"Monitoring Tariffs, NATO, and Climate Change"
"Unanimous Agreement on Interest Rate Cuts... Wage Data is Important"
Christine Lagarde, President of the European Central Bank (ECB), stated that Europe must prepare for economic threats such as new tariffs imposed by the United States if former President Donald Trump regains power.
According to CNN on the 30th (local time), President Lagarde said, "We must prepare for potential tariffs and unexpected harsh decisions."
This statement is in line with Lagarde's remarks earlier this month in an interview with French public broadcaster France 2, where she said that if former President Trump succeeds in his re-election, it would pose a clear threat to Europe.
During Trump's first term, relations between the United States and the European Union (EU) were strained due to trade disputes. The U.S. imposed tariffs on EU steel and aluminum, and in response, the EU imposed tariffs on American whiskey, motorcycles, denim, and other products. Following Trump's victories in the Iowa and New Hampshire Republican primaries, concerns about a second Trump term have emerged in Europe. In 2022, the total trade volume of goods and services between the U.S. and the EU was estimated at $1.3 trillion (approximately 1,728 trillion KRW). CNN explained that Trump's return could affect everything from trade policy to support for the Ukraine war.
President Lagarde said the best way for Europe to prepare for a second Trump term is to "strengthen the single market to ensure the free movement of goods, services, people, and capital," adding that this means "integrating financial markets to make financing easier for small and medium-sized enterprises and to encourage innovation."

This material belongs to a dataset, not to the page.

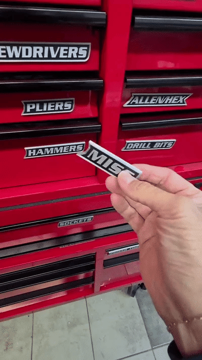 Bring order and personality to your workspace with ColKy Designs Custom Magnetic Tool Labels.Designed for toolboxes, carts, drawers, and cabinets, these magnetic labels make it easy to identify your tools at a glance — no more wasted time searching!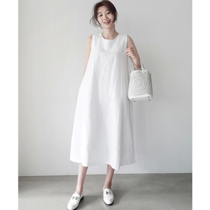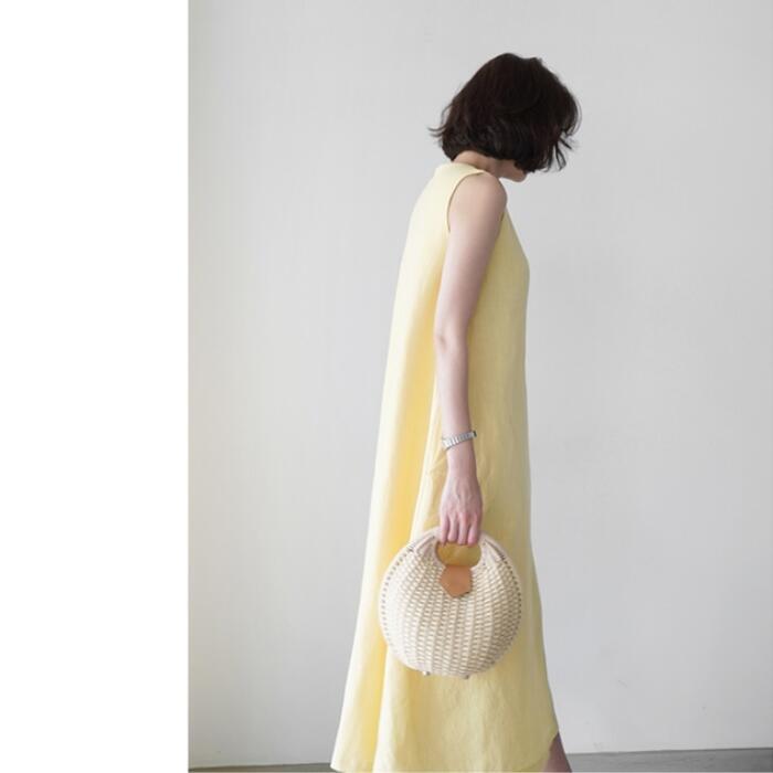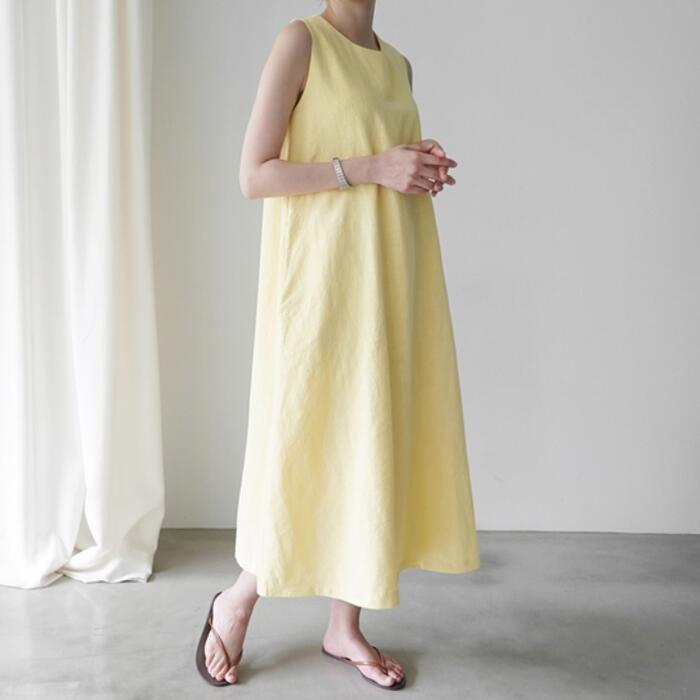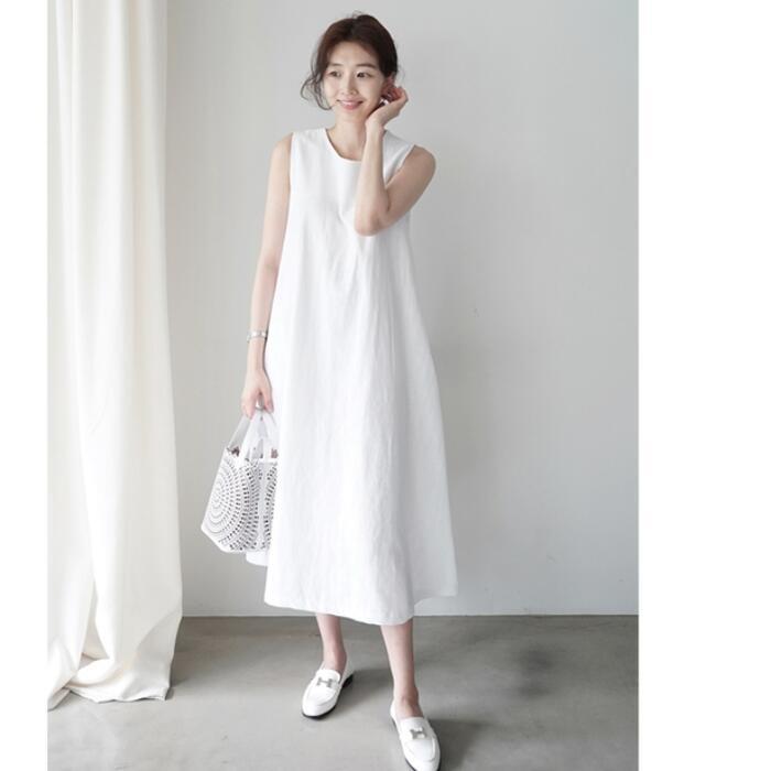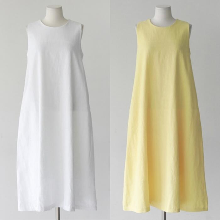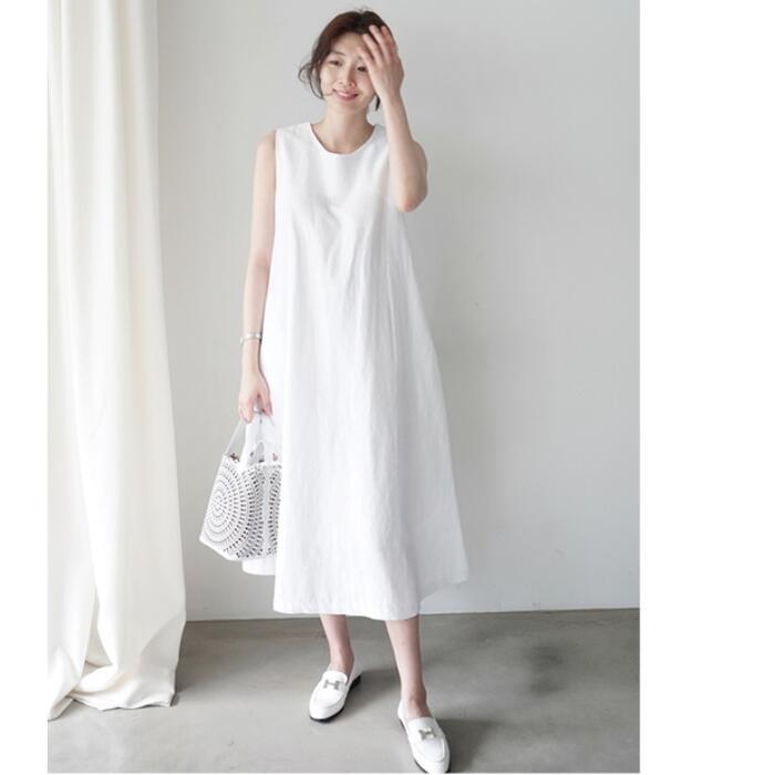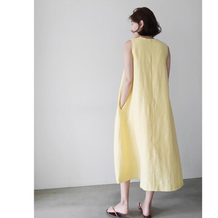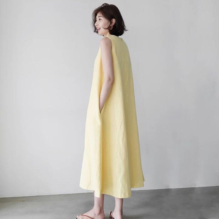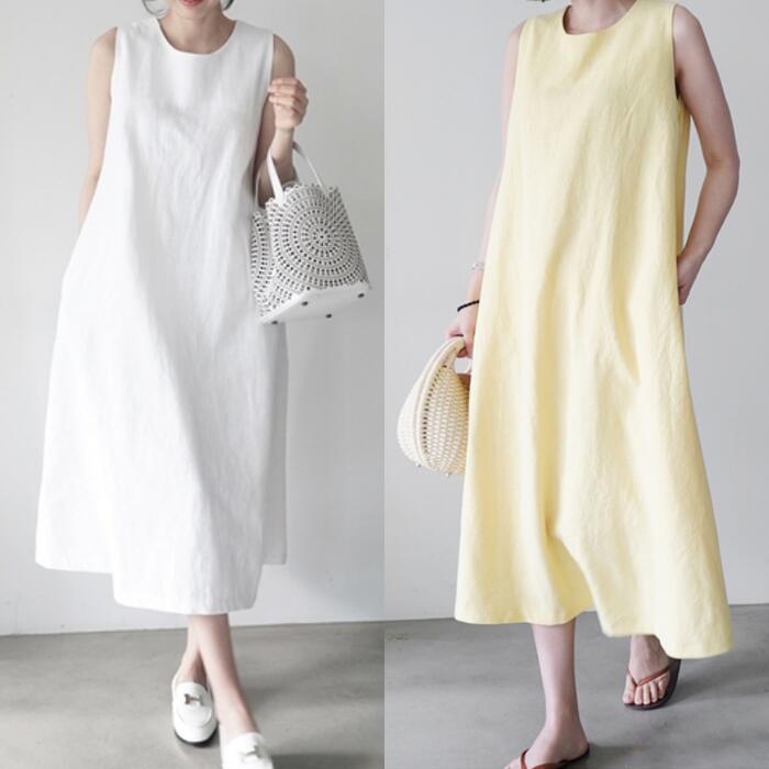 全2色 リネン リネン混 ワンピース きれいめ カジュアル ノースリーブ ミモレ丈 綿麻 おしゃれ レディース 大人 可愛い ワンピ ドレス ナチュラル ゆったり リラックス 体型カバー ホワイト 白 イエロー 春 秋 夏 20代 30代 40代 50代

She also said that if former President Trump is elected, attention must be paid to the U.S. stance on tariffs, the North Atlantic Treaty Organization (NATO), and climate change. Lagarde noted, "In the past, the interests of the U.S. and Europe did not align in these three areas."
Regarding interest rate cuts, she said, "All ECB members agree that the next step is a rate cut," but added that it is still difficult to present a specific schedule.
She stated, "We have not yet reached the stage for a rate cut," and emphasized, "We need all kinds of data, but wage-related data is the most important." Earlier, Philip Lane, the ECB's Chief Economist, also stressed the importance of wage improvements in the Eurozone (20 countries using the euro). European wage statistics are expected to be released around May. Although there is speculation that the ECB might announce a rate cut in April, Bloomberg analyzed that since there is no ECB meeting in May, the first rate cut is likely to begin in June. Fran?ois Villeroy de Galhau, Governor of the Bank of France, recently said about the timing of the rate cut, "Everything will be revealed at the next meeting."
President Lagarde emphasized that a prerequisite for a rate cut is a decline in inflation. Inflation must fall to the ECB's target of 2%. She said, "Europe is on a downward trend in inflation," but added, "Before cutting rates, we need to delve deeper into the process of eliminating inflation."